Latest News

Volkswagen and Amazon Team Up to Create an Industrial Cloud

March 27th 2019

By Fortune

Amazon and Volkswagen announced a new global, multiyear partnership Wednesday morning to create an industrial cloud for the automaker’s 122 facilities, with the intention of making the platform available to others.

Amazon Web Services will power the Volkswagen Industrial Cloud, which will connect all machines, plants and systems in the group’s global facilities, including subsidiary brands such as Audi and Porsche. Longer term, the Volkswagen Group could also integrate its global supply chain of more than 1,500 suppliers and partner companies, which have 30,000 different locations. Negotiations with major industrial companies interested in migrating to the Volkswagen Industrial Cloud are already in progress, the companies said.

Amazon Web Services CEO Andy Jassy added in a statement that the Volkswagen industrial cloud “will reinvent its manufacturing and logistics processes.”

The automaker’s aim is to standardize and network all production-level machinery, equipment and systems, which currently operate with IT differences. The Volkswagen Industrial Cloud aims to standardize and simplify data exchange between systems and plants, helping VW to optimize operations by anticipating and avoiding bottlenecks.

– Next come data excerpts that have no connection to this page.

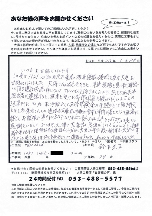 インターネットで調べていたら、「大得工務店」という所がよかったとあり、思い切って電話をしました。
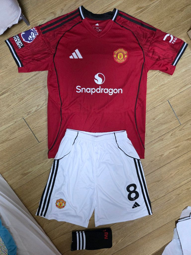 25-26시즌 맨체스터유나이티드 브루노페르난데스 축구 유니폼 축구복 상하의세트 새상품 판매합니다. (해외에서 생산 구매한 oem상품입니다.) 반팔+반바지+양말로 구성되어 있습니다. (프리미어리그 패치도 부착되어 있습니다.) 사이즈는 105(L) 입니다.(국내 정사이즈 기준) 택배거래시, 택배비 4천원 추가됩니다.
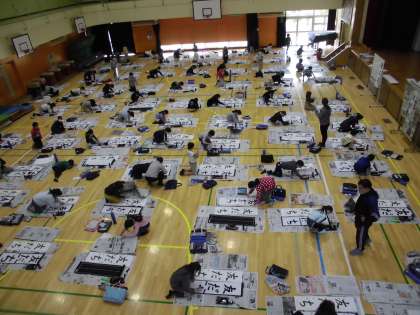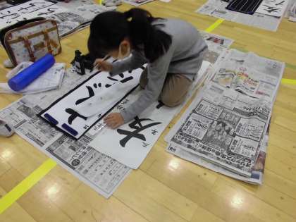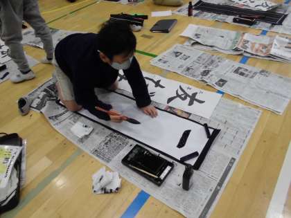 大きな半紙にだるま筆を使って書くのは初めてのことでしたが、どの子も頑張って書いていました。
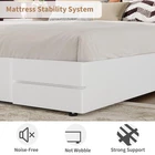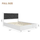Modern Upholstered Headboard for Added Comfort This stylish bed frame features a soft fabric-upholstered headboard with plush padding, offering the perfect backrest for reading, relaxing, or watching TV in bed. The clean, modern design complements a variety of bedroom décor styles—from minimalist to contemporary and classic. Quiet, Stable & Noise-Free Design Enjoy uninterrupted sleep with the bed’s reinforced metal and wooden support system. Securely positioned slats reduce mattress movement, eliminate squeaks, and ensure a stable and noise-free sleeping environment throughout the night. Compatible with 8–12 Inch Mattresses Designed to support most mattress types—including memory foam, hybrid, latex, and innerspring—this platform bed performs best with 8–12 inch mattresses. No box spring is required, providing a cleaner and more streamlined setup. Durable Wood & Metal Construction Crafted with solid wood slats and a strong metal frame, the bed delivers reliable long-term support and structural durability. The sturdy slatted base replaces bulky box springs, offering better ventilation and extended mattress lifespan. Fast & Easy Assembly All components, tools, and instructions are neatly packed for quick and simple assembly. Its versatile upholstered design blends beautifully into apartments, master bedrooms, guest rooms, and modern home interiors.
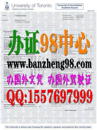 【办证98中心-办加拿大毕业证】专业提供:多伦多大学成绩单样本University of Toronto Transcript
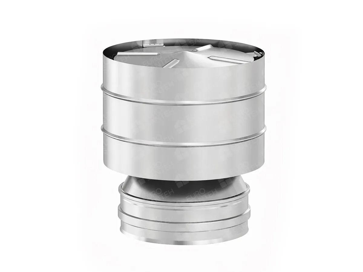 Oțelul inoxidabil AISI 304 (inox 304) este rezistent la coroziune și la mediu umed, suportă bine solicitările termice și nu necesită acoperiri suplimentare. Acest tip de capăt este potrivit pentru case particulare, băi/saune și centrale, unde se apreciază durabilitatea și aspectul îngrijit al coșului. Diametrul Ø180 se alege în funcție de țeava corespunzătoare — potrivirea dimensiunilor este importantă pentru o așezare corectă și pentru funcționarea corectă a sistemului de evacuare.

Volkswagen and Amazon Web Services will have about 220 specialists working on the project in several German cities as well as in a future joint Industrial Cloud Innovation Center in Berlin. They aim to put the Industrial Cloud and its first functions into operation by the end of 2019.

The move is part of a critical moment for Volkswagen, where CEO Herbert Diess has been pushing for more efficiency and innovation. Last year, Diess said VW must improve its production efficiency — outside of China — by 30% by 2025. Earlier in March, VW said it would cut up to 7,000 jobs by 2023 to free up €8 billion ($9 billion) in cash for research and development. The week before that, Volkswagen said it aims to produce 22 million electric cars over the next decade, an increase of almost 50% from its previous goal.

 

The auto giant is also under pressure to cut emissions across its brands as new EU regulations set increasingly ambitious targets. The Volkswagen Group sold a record 10.8 million cars last year, but just 40,000 of these were electric. At the same time, VW is still recovering from Dieselgate, with the U.S. Securities and Exchange Commission filing a new lawsuit against the company earlier this month.

Just this week Diess posted a selfie with Amazon CEO Jeff Bezos on LinkedIn from the MARS Conference in Palm Springs, writing he was “looking forward to shaping the future together.”

Although Amazon is best known for its e-commerce, the web services division has become the dominant cloud provider. Jefferies analyst Brent Thill estimated in November that AWS revenue will reach $71 billion in 2022, which would give the division a valuation of about $350 billion.